COLLECTED DATA section start

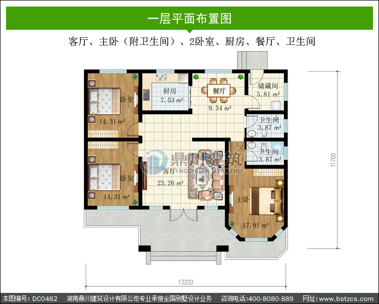 農村一層自建別墅設計圖紙及效果圖_農村平房別墅圖紙,鼎川建筑
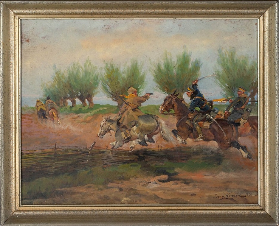 Lot 536. “Polnische Kavallerie in der Schlacht“, Gemälde von Jerzy Kossak (1886-1955). Öl auf Pappe (55x45cm), gerahmt. Polnische Reiter mit gezogenen Säbeln jagen russische Reiter, das Bild rechts unten mit Signatur und Datierung 1920. Jerzy Kossak war ein polnischer realistischer Maler, der sich auf Militärszenen spezialisierte. – Zustand II. Opening 300 euro. Auktionshaus Carsten Zeige. 10/16/21. Sold 4,200 euro
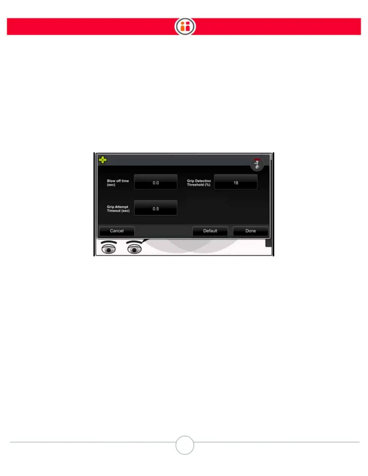• Grip Attempt Timeout (sec): Duration in which a vacuum end effector attempts to
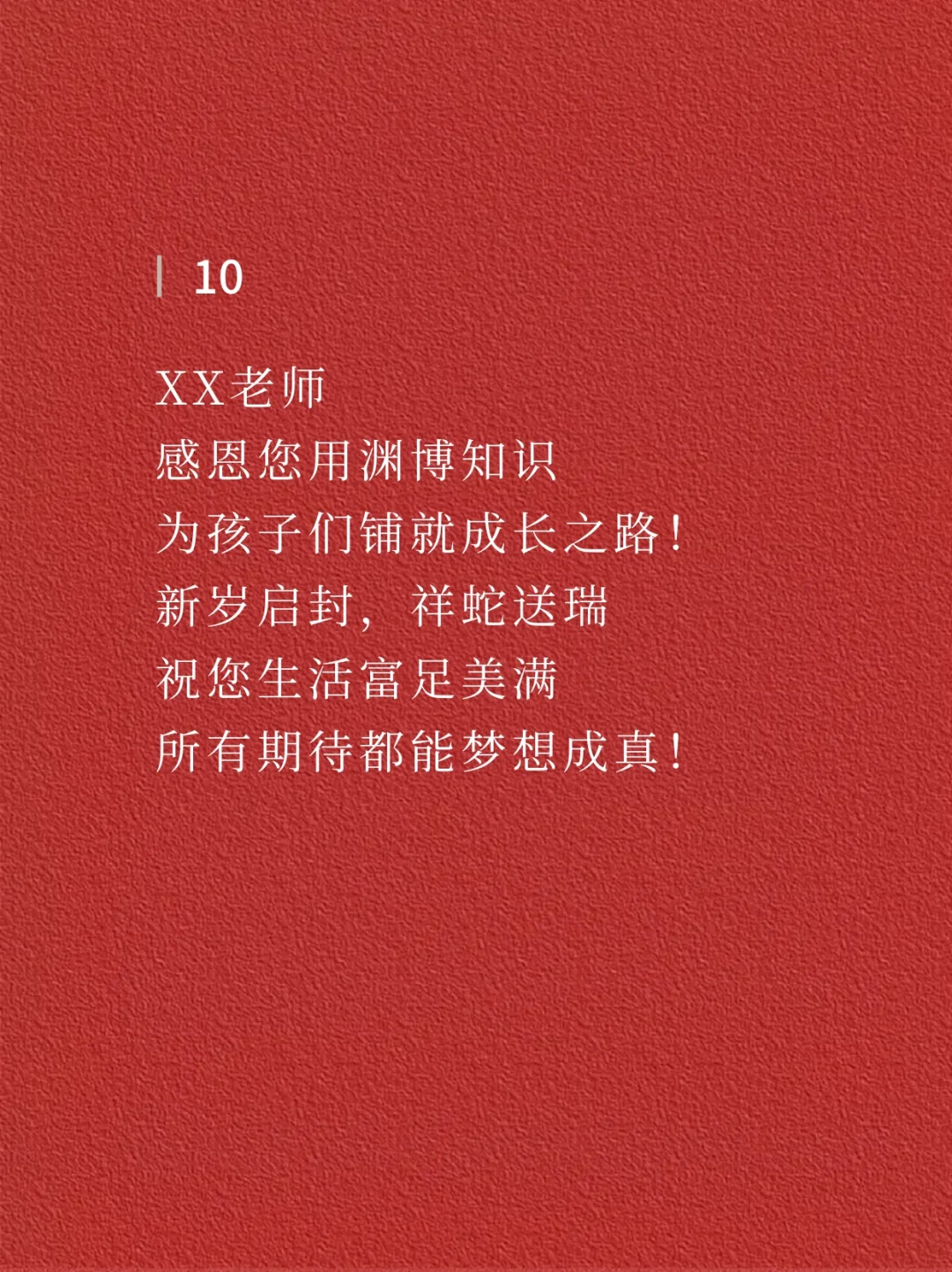XX老师,感恩您用渊博知识为孩子们铺就成长之路!新岁启封,祥蛇送瑞,祝您生活富足美满,所有期待都能梦想成真!

COLLECTED DATA section end

▸ TASK BRIEF: Reproduce exactly, and only, the lines that begin at the one containing "Sold 4,200 euro" and end with the final line of the data, both included, while omitting every picture.

▸ RESPONSE BOX:
 Lot 536. “Polnische Kavallerie in der Schlacht“, Gemälde von Jerzy Kossak (1886-1955). Öl auf Pappe (55x45cm), gerahmt. Polnische Reiter mit gezogenen Säbeln jagen russische Reiter, das Bild rechts unten mit Signatur und Datierung 1920. Jerzy Kossak war ein polnischer realistischer Maler, der sich auf Militärszenen spezialisierte. – Zustand II. Opening 300 euro. Auktionshaus Carsten Zeige. 10/16/21. Sold 4,200 euro
• Grip Attempt Timeout (sec): Duration in which a vacuum end effector attempts to
XX老师,感恩您用渊博知识为孩子们铺就成长之路!新岁启封,祥蛇送瑞,祝您生活富足美满,所有期待都能梦想成真!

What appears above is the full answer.